Magnetic Resonance Enhancement Patterns at the Different Ages of Symptomatic Osteoporotic Vertebral Compression Fractures

Affiliations
  • 1Department of Radiology, Seoul National University Bundang Hospital, Seongnam, Korea. joonwoo2@gmail.com

Abstract

PURPOSE
To investigate the magnetic resonance (MR) enhancement patterns of symptomatic osteoporotic vertebral compression fracture (VCF) according to the fracture age, based on the successful single-level percutaneous vertebroplasty (PVP) cases.
MATERIALS AND METHODS
The study included 135 patients who underwent contrast-enhanced MR imaging and successful PVP from 2005 to 2010 due to a single-level osteoporotic VCF. Two radiologists blinded to the fracture age evaluated the MR enhancement patterns in consensus. The MR enhancement patterns were classified according to the enhancing proportion to the vertebral height and the presence or extent of a non-enhancing cleft within the enhancing area on sagittal plane. The Fisher' exact test, Kruskal-Wallis test and Mann-Whitney U test were performed to assess the differences in the MR enhancement patterns according to the fracture age.
RESULTS
Symptomatic VCFs show variable MR enhancement patterns in all fracture ages.
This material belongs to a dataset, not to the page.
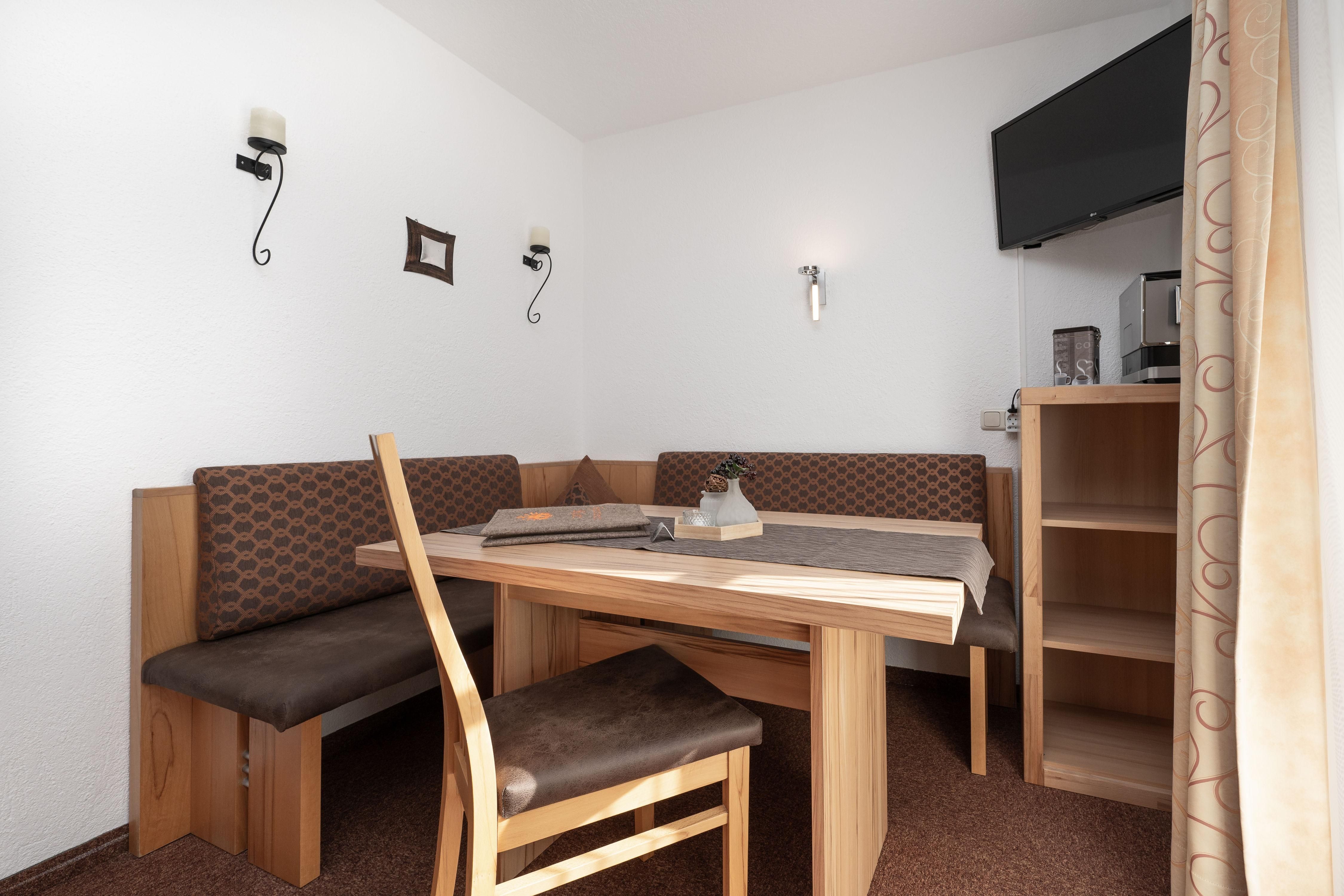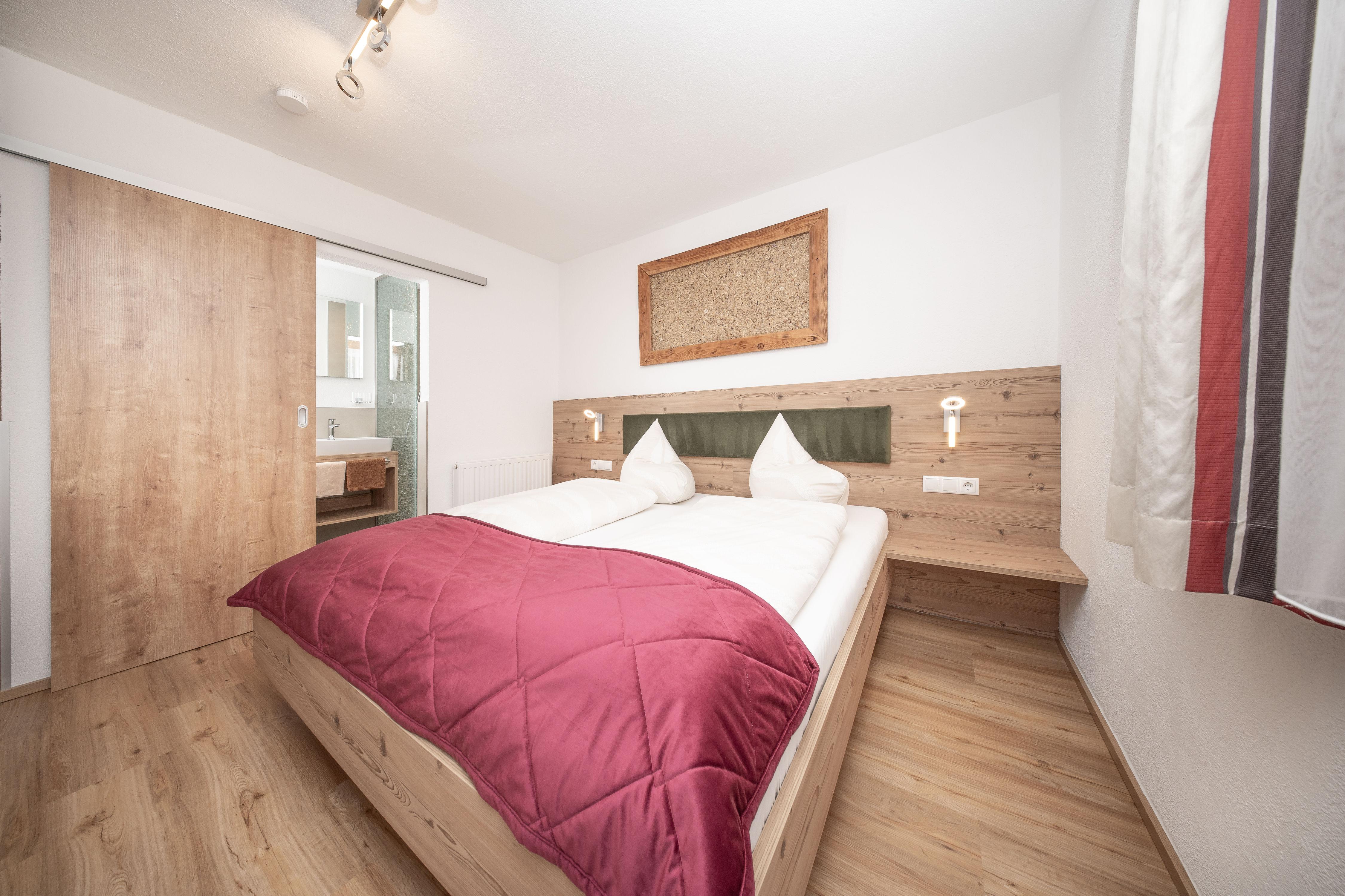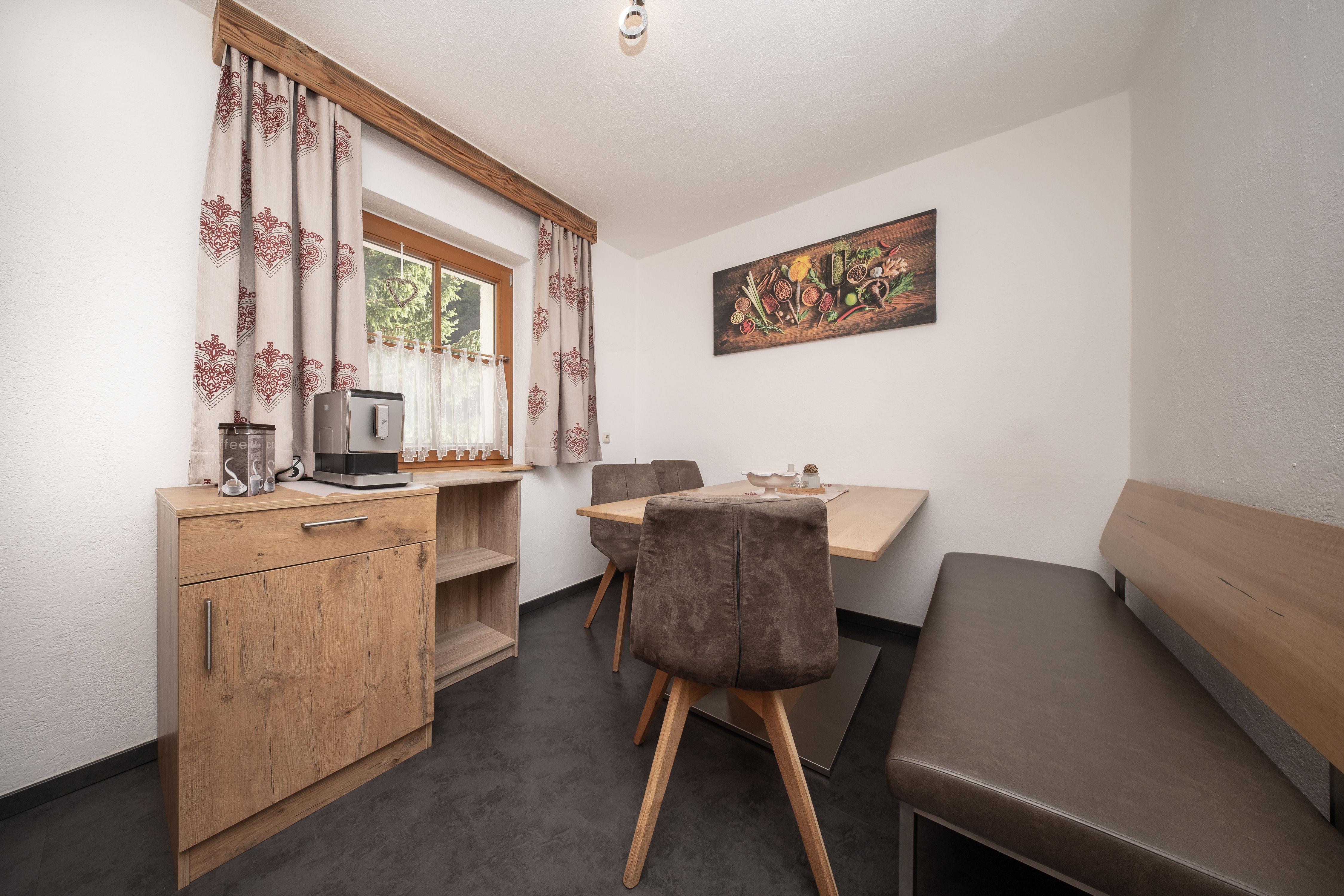 Ihr gemütliches Appartement Enzian mit ca. 60 m² verfügt über: 2 Schlafzimmer mit Doppelbetten (1 x mit zusätzlichem Schlafsofa für eine weitere Person), 2 Badezimmer mit Dusche/WC, 1 Wohnküche mit Essecke und Küchenblock (mit Ceranfeld, Backofen, Geschirrspüler, Kaffeemaschine), SAT-TV, Safe und Südbalkon.

A diffuse enhancing area can be seen in not only the hyperacute and acute VCFs but also the chronic symptomatic VCFs. Symptomatic VCFs having a segmental enhancing area were all included in the hyperacute or acute stage. Most symptomatic osteoporotic VCFs had a non-enhancing cleft in the enhanced vertebral body (128/135, 94.8%). There was no statistical difference of the enhancement pattern according to the fracture age.
CONCLUSION
Symptomatic VCFs show variable MR enhancement patterns in all fracture ages. The most common pattern is a non-enhancing cleft within a diffuse enhanced vertebra.


MeSH Terms

Consensus
Fractures, Compression
Humans
Magnetic Resonance Imaging
Magnetic Resonance Spectroscopy
Magnetics
Magnets
Osteoporosis
Spinal Fractures
Spine
Vertebroplasty

Figure

  • Fig. 1 Schematic diagrams and examples of magnetic resonance enhancement patterns. Pattern A shows a large non-enhancing cleft within diffuse enhancing area. Pattern B shows a linear or band-like non-enhancing cleft within diffuse enhancing area. Pattern C shows the absence of or a punctate non-enhancing cleft within diffuse enhancing area. Pattern D shows a linear or band-like non-enhancing cleft within segmental enhancing area. Pattern E shows the absence of non-enhancing cleft within segmental enhancing area.

  • Fig. 2 Imaging in a 73-year woman with chronic symptomatic osteoporotic compression fracture. A. Lateral radiography obtained 3 month after trauma shows anterosuperior compression fracture of L1 vertebra. B. T2-weighted image obtained 7 month after lateral radiography (A) due to continuous back pain shows hypointense signal alteration in fractured L1 vertebral body. C. Contrast-enhanced fat-suppressed T1-weighted image shows non-enhancing cleft within diffuse enhanced L1 vertebra (Pattern B). D. After percutaneous vertebroplasty, chronic back pain of the patient was markedly improved.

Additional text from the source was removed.